Q35) What are Cubes in the ETL and how they are different from that of OLAP?
There are things on which the data processing depends largely and cubes are one among them, they are generally regarded as the units of the same that provide useful information regarding the dimensions and fact tables. When it comes to multi-dimensions analysis, the same can simply be assured from this. On the other side, the Online Analytics Processing stores a large data in the dimensions that are more than one. This is generally done for making the reporting process more smooth and reliable. All the facts in it are categorized and this is exactly what that makes them easy to understand.

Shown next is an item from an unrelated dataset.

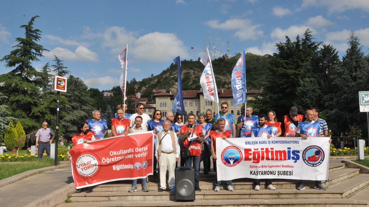 Eğitim-İş Kastamonu Şube Başkanı Ahmet Tevfik Bal, konuşmasında şu cümleleri kullandı: “-Daha kötü ne olabilir ki?- sorusuna her yeni eğitim-öğretim döneminde -bu kadar da olmaz!- dedirten iktidar, 2022-2023 eğitim-öğretim yılında da bu geleneğini bozmamış, eğitimde geçen yılları dahi mumla aratan bir dönemi ülkeye yaşatmıştır. Sonuna geldiğimiz bu eğitim döneminde gericileştirme ve niteliksizleştirme politikaları hız kazanmış, bu gidişe bir de ekonomik krizin eğitime yansıması eklenmiştir. Onca skandala rağmen dernek/vakıf maskesi takmış tarikatlar MEB protokolleri aracılığıyla eğitimde cirit atmaya devam etmektedir. Eğitimdeki bu gericileştirme hamleleri 28 Mayıs seçimleri biter bitmez hızlandırılmış, İzmir ve Eskişehir başta olmak üzere birçok ilimizde devlet okullarına pedagoji eğitimi almamış din görevlisi gönderilmesi bunun en somut örneği olmuştur. Seçimden hemen sonra İstanbul’da Bilal Erdoğan’ın yönettiği bilinen TÜGVA’ya 238 okulun tahsis edilmesi, -Çevreme Duyarlıyım, Değerlerime Sahip Çıkıyorum Projesi (ÇEDES)- kapsamında yapılan protokolle okullara -manevi danışman- adı altında imam, müezzin, vaiz, din hizmetleri uzmanı ve kuran kursu öğreticisi atanması eğitimde çok başlılığın artacağının da net sinyallerini vermiştir. Alanında uzman eğitimciler varken konuyla ilgisi olmayan kişileri ve yapıları eğitim sistemimize sokmak eğitim bilimine, laiklik ilkesine ve milli eğitimin temel ilkelerini oluşturan yasal mevzuata aykırıdır. Eğitim-İş olarak anayasamıza, yasalara ve yönetmeliklere açıkça aykırı; laik ve bilimsel eğitimle taban tabana zıt ÇEDES protokolünü yargıya taşıdık. Bugün de burada ve tüm Türkiye’de eğitim dışı kurumlarla gerici dernek ve vakıflarla imzalanan protokollere ve projelere karşı -çocukları korumak, vatanı korumaktır- anlayışıyla alanlardayız. Tüm yurttaşlarımıza sesleniyoruz, gelin bu protokolü birlikte reddedelim! Eğitime, geleceğimiz olan çocuklarımıza sahip çıkalım! Çünkü ÇEDES protokolü hukuksuzdur ve anayasamıza, yasalara ve yönetmeliklere açıkça aykırıdır. Laik ve bilimsel eğitimle taban tabana zıttır, ÇEDES protokolü tehlikelidir. Eğitim biliminden habersiz, çocuklarımıza nasıl yaklaşılacağını bilmeyen yetişkinleri okullara sokmak travmatik etkileri de beraberinde getirecektir. ÇEDES protokolü öğretmenlerin, eğitim emekçilerinin mesleki itibarına hakarettir. Eğitim-öğretim eğitimcilerin işidir. Okul yöneticilerine sesleniyoruz: Okullardaki eğitim faaliyetinin yasal çerçevede yürütülmesi sizlerin sorumluluk alanınızdır. Koltuğunuza değil, onun arkasında asılı olan başöğretmenin resmine bakın ve bu protokolleri reddedin. Eğitim emekçilerine sesleniyoruz: Sevgili meslektaşlarımız; öğrencilerimiz, bizlere başöğretmenin emanetidir. Onları, laiklik karşıtı uygulamalara terk etmeyiniz! Kimsenin sizin dersinizi bölme, gasp etme, sizin dersinizden öğrenci çıkarma hakkı yoktur. Bu tür girişimleri her şeyden önce öğrencileriniz, sonra mesleki itibarınız için reddediniz! Velilerimize sesleniyoruz: Çocuklarınızın sözde değerler eğitimi adı altında manen ve fiziken güvencede hissetmeyecekleri hiçbir uygulamayı kabul etmek zorunda değilsiniz. Onların geleceği için bu protokolü reddedin! Bu eğitim-öğretim yılı hem mesleki itibarının uğradığı saldırılar hem de alım gücündeki erime nedeniyle eğitim emekçisi için de karanlık bir dönem olmuştur. Mesleğe hakaret niteliğindeki Öğretmenlik Meslek Kanunu halihazırda sözleşmeli, ücretli, kadrolu adı altında kategorize edilerek sömürülen öğretmenleri bir kez daha haksız sıfatlarla ayrıştırmıştır ayrıca YÖK’ün aldığı kararla eğitim fakültelerinin dışında da farklı alanlarda öğrenim gören öğrencilerin pedagojik formasyon eğitimini “seçmeli ders” olarak almasının önü açılmış; bu yolla hem eğitimcilik sıradanlaştırılmaya çalışılmış hem de ataması yapılmayan öğretmenlere bir haksızlık daha yapılmıştır. Anayasal bir hak olan güvenceli istihdamın katli olan ücretli ve sözleşmeli öğretmenlik ayıbı sürdürülmüş, ücretli öğretmenlerin büyük bir çoğunluğunun aldığı ücretler asgari ücretin altında kalmıştır. Öğretmeni, memuru, hizmetlisi ve diğer eğitim emekçilerinin aldığı ücretler, giderek artan hayat pahalılığı nedeniyle ay sonunu getirmeyi dahi mümkün kılmayan bir orana düşmüştür. Eğitim emekçilerinin aldıkları maaşlar yoksulluk sınırı olarak belirlenen rakamın çok altında kalmıştır. Eğitim emekçileri geçinmekte, yarını düşünmekte, kendilerini işlerine adamakta zorluk çeker duruma gelmişlerdir. Acilen maaş ve ücretlerde günün koşullarına göre düzeltme yapılmalıdır. Seçim öncesinde verilen sözler derhal yerine getirilmelidir. Bu böyle gidemez! Dünyada başöğretmen unvanlı bir liderin kurduğu tek ülke olan Türkiye Cumhuriyeti’nde eğitim ve eğitim emekçisi bu kadar değersizleştirilemez! Eğitim-İş olarak bu arsız kuşatmaya “dur” demek için bir kez daha harekete geçiyoruz. Yoksulluk sınırının altında olan maaşlarımızın enflasyon karşısında sürekli erimesini protesto etmek için, Mesleki itibarımıza yapılan saldırılara ve haklarımızı gasp etme girişimlerine karşı çıkmak için, Eğitim sistemimizin üzerine çöken gerici ve piyasacı karanlığa dikkat çekmek için, Çocuklarımızın eşit ve nitelikli eğitim hakkının gasp edilmesine karşı durmak için, Eğitim dışı kurumların, dernek maskesi takmış tarikatların sistematik olarak eğitime dahil edilme girişimlerine boyun eğmeyeceğimizi göstermek için Tüm Türkiye’de alanlardayız! Eğitime ve çocuklarımıza sahip çıkıyoruz! Uyarıyoruz!

Q36) Unconnected Vs Connected Lookups
|Connected Lookup||Unconnected Lookup|
|Either dynamic or Stactic Cache can be used.||Can use only Static Cache.|
|We can return multiple rows from the same row||Can return only one output port|
|It supports user-defined values||It wont support user defined values|
|We can pass any number of values to another tranformation.||Can pass one output value to one transformation|
|Cache has all lookup columns that are used in mapping.||Cache has all the lookups or output ports of lookup conditions and return port.|
Q37) Define Bus Schema?
In data warehouse, BUs Schema is used for identifying the most common dimensions in business process. In one word its is definte dimension and a standardized equivalent of facts.
Q38) What data purging means?
Data Purging - Common word that used in data warehousing for deleting or erasing data from the storage.
Q39) Schema Objects means?
Schema objects can be defined as the logical structures, where as DB stores the schema object logically within a database tablespace. Schema Objects can be the tables, clusters or views, sequence or indexes, functions packages and db links.
Q40) Can you brief the terms Mapplet, Session, Workflow and Worklet?
- Mapplet : Reusable object that contains a set of transformations.
- Worklet: Represents set of workflow tasks
- Workflow: Customs the tasks for each record that need to execute.
- Session: set of instructions that instructs how to flow the data to the target.